Once you enroll with us, you'll see why that's true, and you'll have taken the first step in restoring your wealth. But wait, we have two more bonuses we want you to have if you act in the next 48 hours.

* FUTURE MEMBER BONUS # 1. "17 Money Making Candlestick Formations"
Here are some of my favorite candlestick chart setups that we would like to share with you. (VALUE $35.00)

* FUTURE MEMBER BONUS # 2. "Keep It Simple" This booklet explains our market proven approach in keeping it simple.(VALUE $35.00)

Of course, you'll also receive the big member bonus which we promised you earlier.

* BIG MEMBER BONUS: "Right on the Money" is "a killer product." That's what Stocks and Commodities Magazine had to say about "Right on the Money."
(VALUE $250.00)

Our special offer and $320 in valuable bonuses today makes it easy, convenient and risk-free for you to get started.

Here's to your future "George Soros" success, and if you've read this far and are still undecided about enrolling in MarketClub, remember this, these big Soros-like returns will continue whether you join MarketClub or not. Could huge annual returns make a difference in your financial future like it did for Kevin?

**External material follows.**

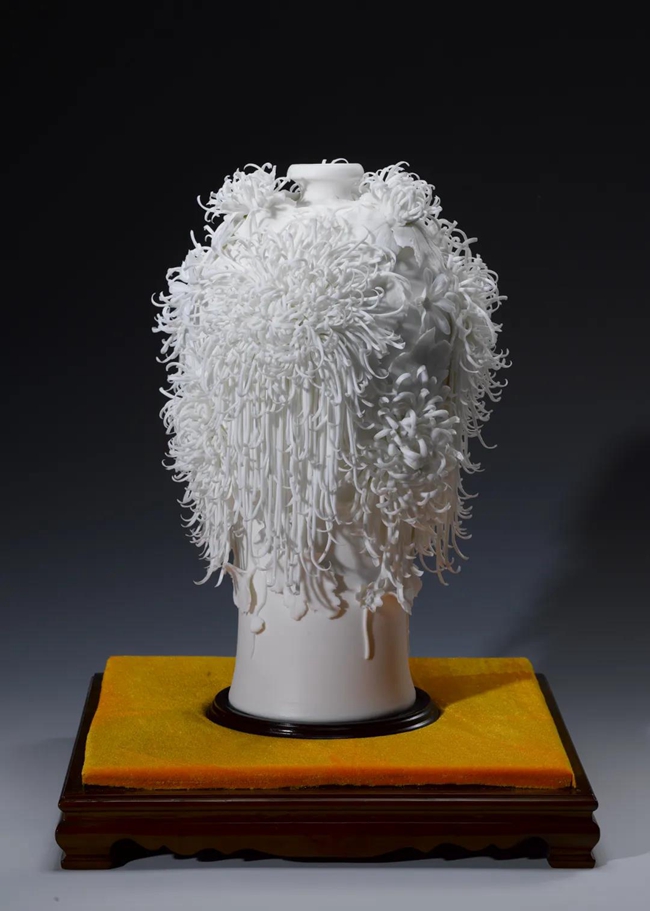 这件吉祥花瓶将巧夺天工的匠心技艺与德化白瓷“坚韧、莹厚、细腻、温润”的特点完美结合在一起,瓶身没有彩绘,也没有雕刻,只是瓶身主体部分上,设置了立体的菊花。令人拍案称奇的地方在于,莹白如玉的菊花瓣如丝一般立体细致地镶嵌在瓶身上,白色的素朴映带着极致的绚烂,令人眼花缭乱。为了烧制出理想的菊花瓣,赖礼同需要先一根根做成花丝状,等湿度适合的时候放上去,太干会断,太湿无法固定造型。经过他无数遍的失败与尝试,最终才淬炼出被故宫专家称之为绝活的这件吉祥花瓶。

"I would like to take this opportunity, to thank MarketClub's Trade Triangle and alert system, which alerted me to the recent Cable (British Pound) and Dollar trade netting me 10,000 pounds within two months, Thanks again MarketClub."
Kevin, W., Great Britain

There are thousands of other members who, like Kevin, are benefiting everyday from the MarketClub service. Best of all now you don't have to worry as you have zero financial risk.

You have our 30 day risk-free trial which will allow you to explore for yourself firsthand how MarketClub can protect your money and keep you on the right financial track in the future - no matter what this or any future government does.

Again.....if we are right, and the returns we discussed continue which as we expect, then it will be the best decision you'll make in 2010. If we are wrong, you can cancel at any time and get your money back and keep all the bonuses with my complements. What could be any fairer than that.

So make the move today to the winners circle and remember you have complete 100% control of your money at all times.

"It won't work for me" (That little voice inside your head is a killer that you must defeat to become successful. If that's what's holding you back. Give yourself a break and the benefit of the doubt, because remember I'm taking all of the risk here. You might just surprise yourself.)

Start today, and be one step closer to achieving your financial goals. You have no valid reason not to try MarketClub. Wouldn't it be nice to see a program that actually does what it says its going to do for a change.

Enroll in MarketClub today and watch several member's only videos and see how you too can bust the bank like Soros did. It is one of the secrets you'll find in "Right on the Money". Do it now while it is still fresh in you mind.


Share

Friday, November 12, 2010

Musings: Energy Stocks Have Mostly Trailed the Market This Year

The results of the November 2nd election and the recent Federal Reserve Bank’s announcement that it was embarking on another attempt to stimulate the economy by encouraging bank lending through a program to provide more liquidity to the banking system, known as the second quantitative easing, or QE2, have driven the stock market to levels that existed immediately before the collapse of Lehman Brothers. Accompanying the QE2 announcement, the worth of the United States dollar among world currencies fell in value helping to boost the price of commodities including crude oil. Natural gas prices in the U.S. have not benefited from the weakening dollar as the product is truly a local one.

When we look at the performance so far in 2010 for the overall stock market, as measured by the Standard & Poor’s 500 Stock Price Index, it has been solid. The S&P 500 index is up nearly 10% through the end of last week, and is at a level exceeding that achieved in late spring this year. But when we look at the performance of energy stocks, they have tended to lag the performance of the overall stock market despite the strong impetuous from commodity prices.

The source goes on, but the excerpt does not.